Did the wade fishing forum get mixed with the surf fishing boards? Just wondering? I was going through the index and thought maybe the mod didn't pick up on that????


----------



## WadinCajun (Oct 20, 2011)

Rodsdiesel62 said:


> Did the wade fishing forum get mixed with the surf fishing boards? Just wondering? I was going through the index and thought maybe the mod didn't pick up on that????


Yeah I don't think Mods have done anything about it. "Scuba Chris" has kind of taken over and I bet those who are interested in wade fishing no longer come here for conversation due to the amount of wayward threads and off topic posting.

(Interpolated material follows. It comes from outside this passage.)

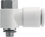 Angolo di avvitamento SMC KQ2VF Filetto maschio metrico, ottone nichelato M5 / 4360° girevoleCon la testa esagonale, il corpo può essere serrato con una chiave a bussola se lo spazio di installazione è limitatoAdatto per aria compressa, acquaCon guarnizione filettataPressione di prova 30 barmax. Pressione di esercizio 10 bar Pressione di esercizio -1 barTemperatura di esercizio aria -5 a +60°Temperatura di esercizio acqua 0 a +40 °C (non congelata)
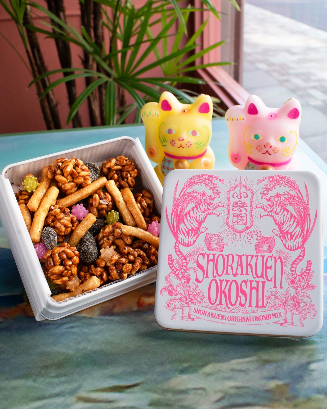 小楽園キッチンで丁寧にひとつひとつ制作している、オリジナルのおこしが入ったお菓子缶です。みたらし風味で甘しょっぱいカリカリが癖になる「小楽園のおこし」と、黒胡麻をまぶした香ばしい 3 種 のキャラメリゼナッツ。柚子胡椒風味のかりんとうに梅とニッキと抹茶の味の金平糖を詰め合わせました。

I get that "Scuba Chris" wants to build his brand but he's effectively spammed the wade fishing section into oblivion


----------



## Jkmoore03 (Jun 19, 2015)

WadinCajun said:


> Rodsdiesel62 said:
> 
> 
> > Did the wade fishing forum get mixed with the surf fishing boards? Just wondering? I was going through the index and thought maybe the mod didn't pick up on that????
> ...


Agreed!


----------



## Rockfish2 (Sep 1, 2017)

Looks like Scuba Chris has been banned. It may now be safe to go back in the water...


----------



## Johnny9 (Sep 7, 2005)

ADIOS SCUBA CHRIS better stick to diving Dude


----------